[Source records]
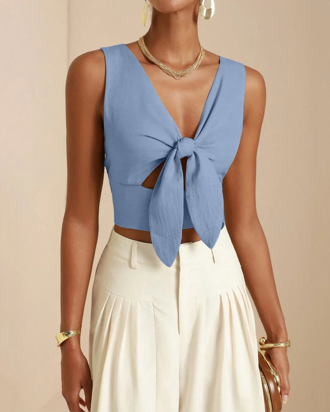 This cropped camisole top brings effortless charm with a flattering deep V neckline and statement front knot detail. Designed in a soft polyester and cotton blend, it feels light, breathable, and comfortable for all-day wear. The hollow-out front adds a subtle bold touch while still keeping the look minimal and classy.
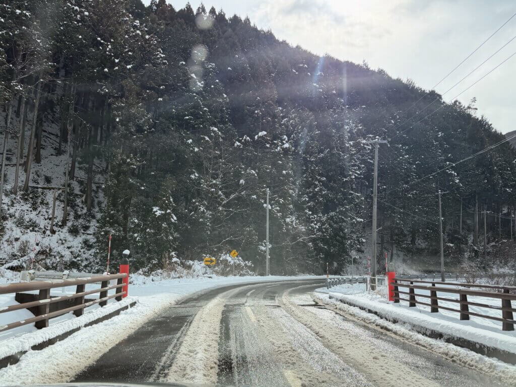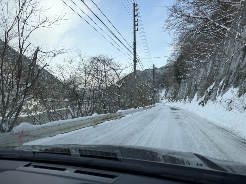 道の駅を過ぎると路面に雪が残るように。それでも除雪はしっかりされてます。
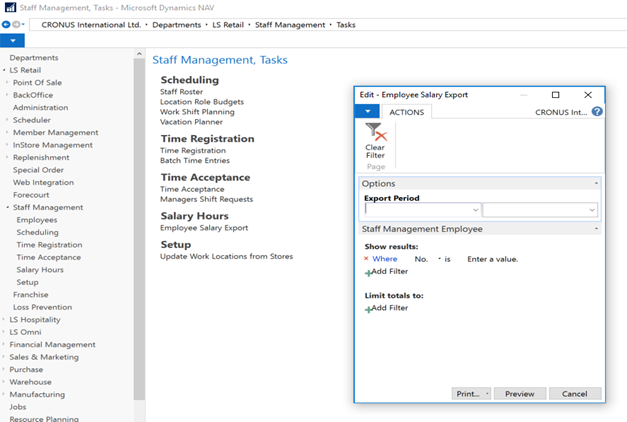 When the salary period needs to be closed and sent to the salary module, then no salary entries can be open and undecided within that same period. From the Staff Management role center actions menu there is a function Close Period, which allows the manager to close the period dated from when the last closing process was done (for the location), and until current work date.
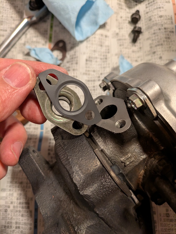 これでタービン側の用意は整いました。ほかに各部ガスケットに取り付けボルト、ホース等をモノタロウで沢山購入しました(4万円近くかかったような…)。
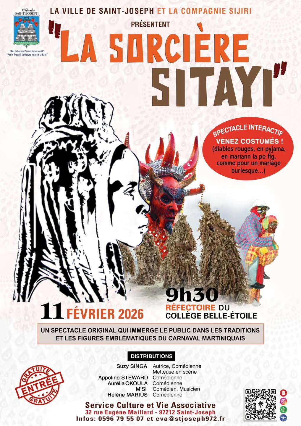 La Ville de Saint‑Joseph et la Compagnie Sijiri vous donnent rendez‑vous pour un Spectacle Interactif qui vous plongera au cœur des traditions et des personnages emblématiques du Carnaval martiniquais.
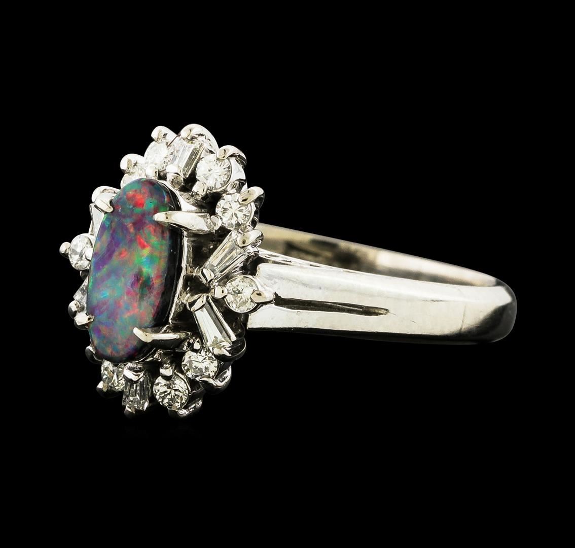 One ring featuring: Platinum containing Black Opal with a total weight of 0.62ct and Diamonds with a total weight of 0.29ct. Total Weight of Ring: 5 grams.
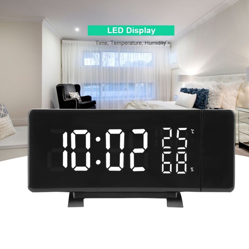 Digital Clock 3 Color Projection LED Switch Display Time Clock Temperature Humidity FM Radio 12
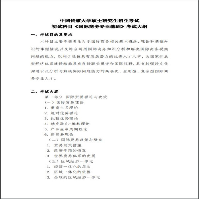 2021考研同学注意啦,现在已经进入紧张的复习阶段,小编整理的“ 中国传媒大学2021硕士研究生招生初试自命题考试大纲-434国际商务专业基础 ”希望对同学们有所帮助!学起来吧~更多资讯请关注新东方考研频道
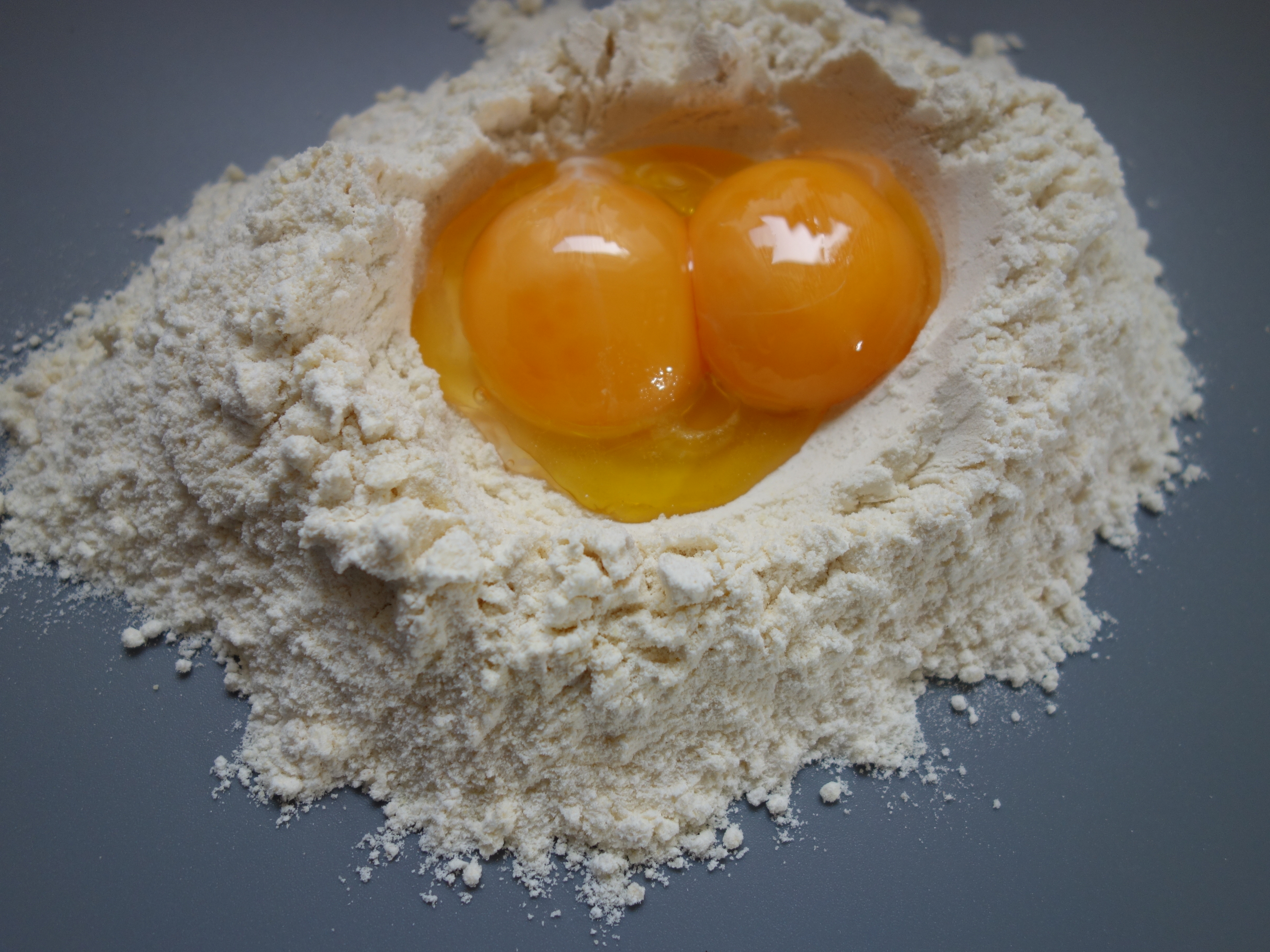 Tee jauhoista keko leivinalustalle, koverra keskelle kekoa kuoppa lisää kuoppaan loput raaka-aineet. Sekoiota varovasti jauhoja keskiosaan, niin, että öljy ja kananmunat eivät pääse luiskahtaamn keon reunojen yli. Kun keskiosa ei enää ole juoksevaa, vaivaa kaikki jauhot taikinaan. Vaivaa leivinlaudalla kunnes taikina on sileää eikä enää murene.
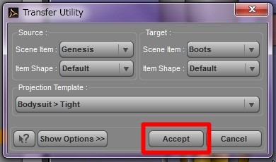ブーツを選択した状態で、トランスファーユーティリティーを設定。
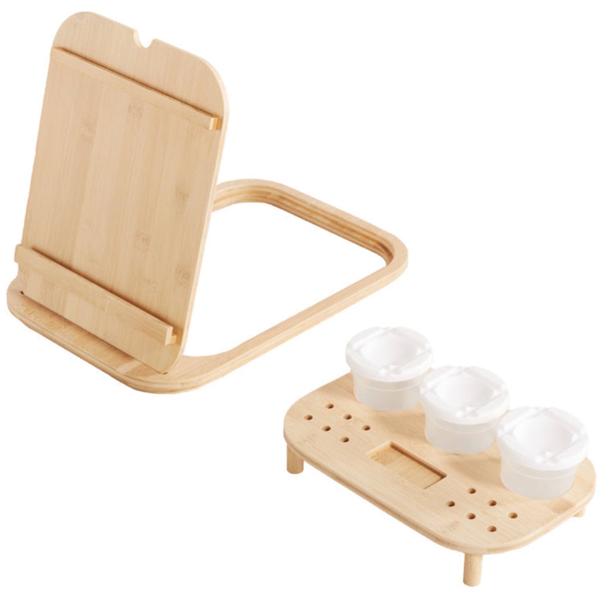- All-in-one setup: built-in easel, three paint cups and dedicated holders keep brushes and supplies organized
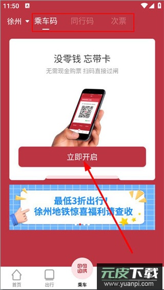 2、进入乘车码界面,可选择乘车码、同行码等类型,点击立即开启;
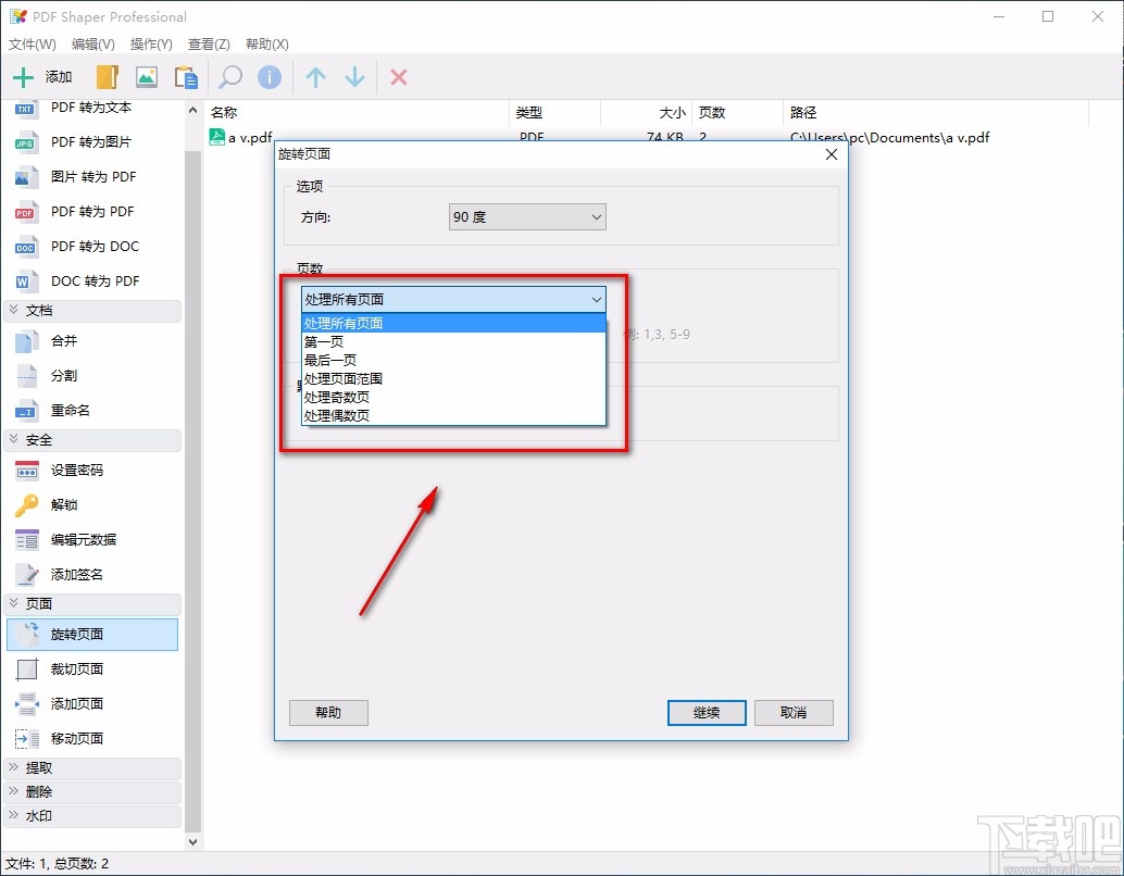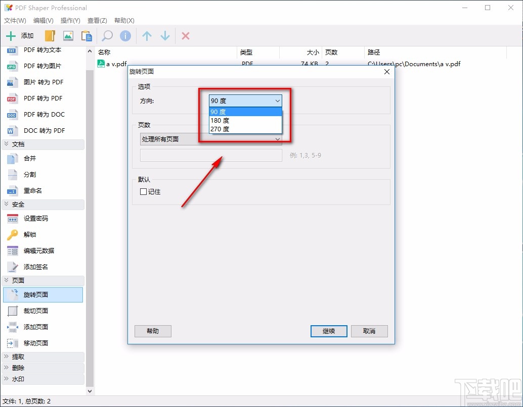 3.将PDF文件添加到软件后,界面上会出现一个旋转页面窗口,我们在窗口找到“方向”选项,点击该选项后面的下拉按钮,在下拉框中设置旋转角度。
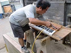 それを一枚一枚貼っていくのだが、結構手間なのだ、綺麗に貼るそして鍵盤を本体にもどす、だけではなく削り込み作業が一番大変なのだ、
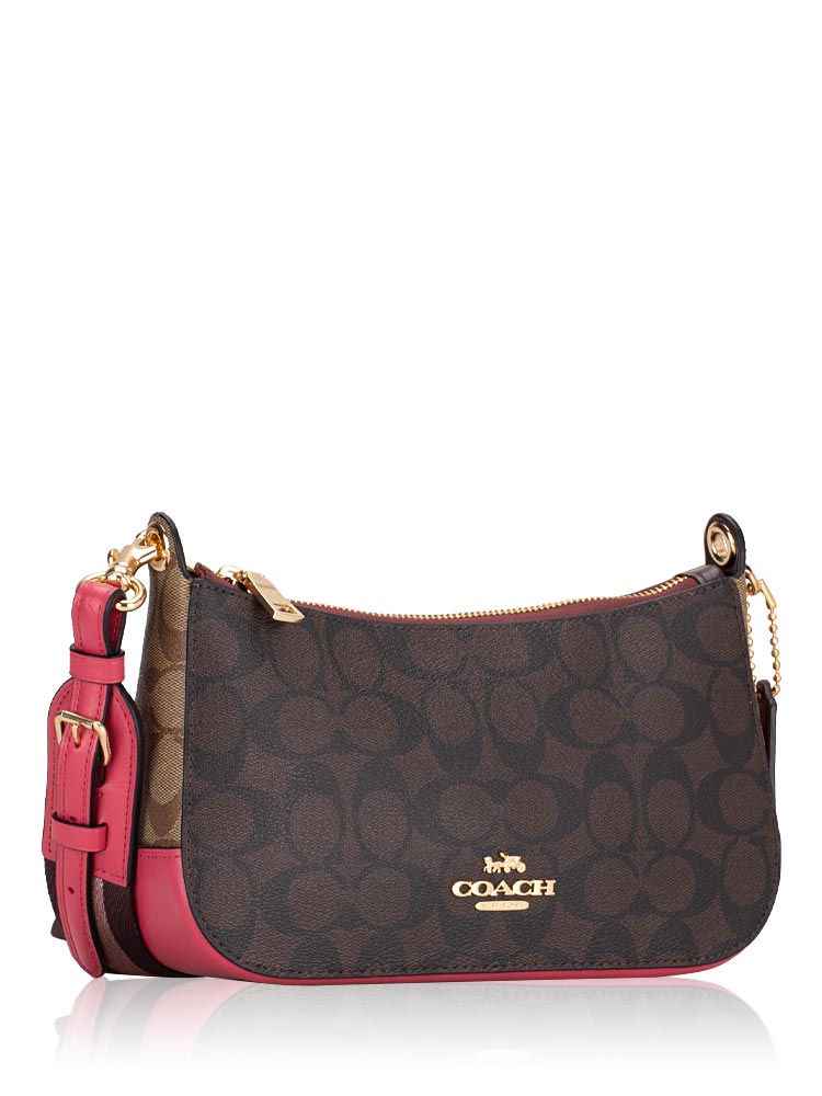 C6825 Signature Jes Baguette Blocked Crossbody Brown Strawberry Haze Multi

• [What the task asks]: The copy should hold only the lines from the one with "Tee jauhoista keko" through the one with "2、进入乘车码界面,可选择乘车码、同行码等类型,点击立即开启;", exactly as they stand above. Leave out the pictures.

• [Exercise output]:
 Tee jauhoista keko leivinalustalle, koverra keskelle kekoa kuoppa lisää kuoppaan loput raaka-aineet. Sekoiota varovasti jauhoja keskiosaan, niin, että öljy ja kananmunat eivät pääse luiskahtaamn keon reunojen yli. Kun keskiosa ei enää ole juoksevaa, vaivaa kaikki jauhot taikinaan. Vaivaa leivinlaudalla kunnes taikina on sileää eikä enää murene.
ブーツを選択した状態で、トランスファーユーティリティーを設定。
- All-in-one setup: built-in easel, three paint cups and dedicated holders keep brushes and supplies organized
 2、进入乘车码界面,可选择乘车码、同行码等类型,点击立即开启;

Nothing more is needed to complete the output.